Starting at the line that contains "Make A Bold" and stopping at the line that contains "ইউএসএনিউজঅনলাইন.কম ডেস্ক, নিউইয়র্ক", transcribe every line of the material below exactly; pictures stay out.
[Data to examine]
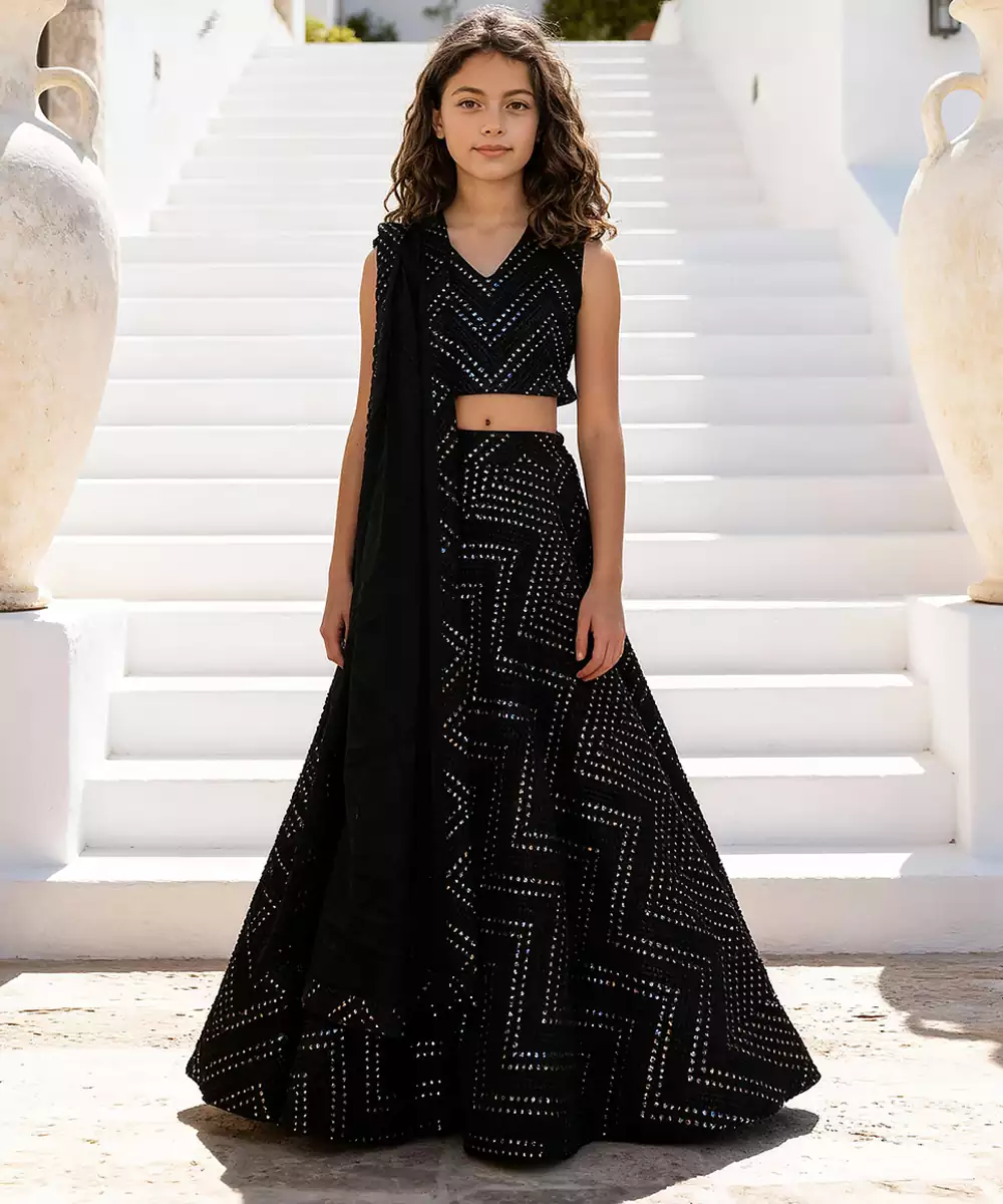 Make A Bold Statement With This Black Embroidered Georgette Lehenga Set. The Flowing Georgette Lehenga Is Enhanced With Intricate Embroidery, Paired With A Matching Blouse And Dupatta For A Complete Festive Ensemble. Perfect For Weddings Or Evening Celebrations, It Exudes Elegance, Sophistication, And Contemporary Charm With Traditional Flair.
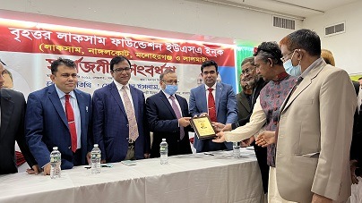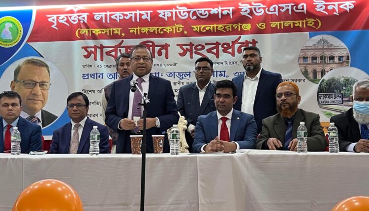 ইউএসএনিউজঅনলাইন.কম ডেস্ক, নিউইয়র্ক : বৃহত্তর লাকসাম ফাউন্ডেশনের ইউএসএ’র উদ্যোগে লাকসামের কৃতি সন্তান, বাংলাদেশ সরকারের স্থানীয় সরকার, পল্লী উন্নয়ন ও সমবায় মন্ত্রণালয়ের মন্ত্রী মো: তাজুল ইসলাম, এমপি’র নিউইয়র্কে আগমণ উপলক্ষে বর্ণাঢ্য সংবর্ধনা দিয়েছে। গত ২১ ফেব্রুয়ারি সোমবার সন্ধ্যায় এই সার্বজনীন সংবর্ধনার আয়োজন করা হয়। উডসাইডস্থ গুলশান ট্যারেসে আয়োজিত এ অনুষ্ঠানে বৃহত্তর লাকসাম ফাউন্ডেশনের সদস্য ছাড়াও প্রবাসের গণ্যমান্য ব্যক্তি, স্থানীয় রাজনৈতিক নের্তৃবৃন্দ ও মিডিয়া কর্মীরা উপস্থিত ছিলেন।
[/Data to examine]
[Data to examine]
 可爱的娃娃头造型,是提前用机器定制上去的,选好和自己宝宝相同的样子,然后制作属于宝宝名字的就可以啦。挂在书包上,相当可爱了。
[/Data to examine]
## Exercise solution
 Make A Bold Statement With This Black Embroidered Georgette Lehenga Set. The Flowing Georgette Lehenga Is Enhanced With Intricate Embroidery, Paired With A Matching Blouse And Dupatta For A Complete Festive Ensemble. Perfect For Weddings Or Evening Celebrations, It Exudes Elegance, Sophistication, And Contemporary Charm With Traditional Flair.
 ইউএসএনিউজঅনলাইন.কম ডেস্ক, নিউইয়র্ক : বৃহত্তর লাকসাম ফাউন্ডেশনের ইউএসএ’র উদ্যোগে লাকসামের কৃতি সন্তান, বাংলাদেশ সরকারের স্থানীয় সরকার, পল্লী উন্নয়ন ও সমবায় মন্ত্রণালয়ের মন্ত্রী মো: তাজুল ইসলাম, এমপি’র নিউইয়র্কে আগমণ উপলক্ষে বর্ণাঢ্য সংবর্ধনা দিয়েছে। গত ২১ ফেব্রুয়ারি সোমবার সন্ধ্যায় এই সার্বজনীন সংবর্ধনার আয়োজন করা হয়। উডসাইডস্থ গুলশান ট্যারেসে আয়োজিত এ অনুষ্ঠানে বৃহত্তর লাকসাম ফাউন্ডেশনের সদস্য ছাড়াও প্রবাসের গণ্যমান্য ব্যক্তি, স্থানীয় রাজনৈতিক নের্তৃবৃন্দ ও মিডিয়া কর্মীরা উপস্থিত ছিলেন।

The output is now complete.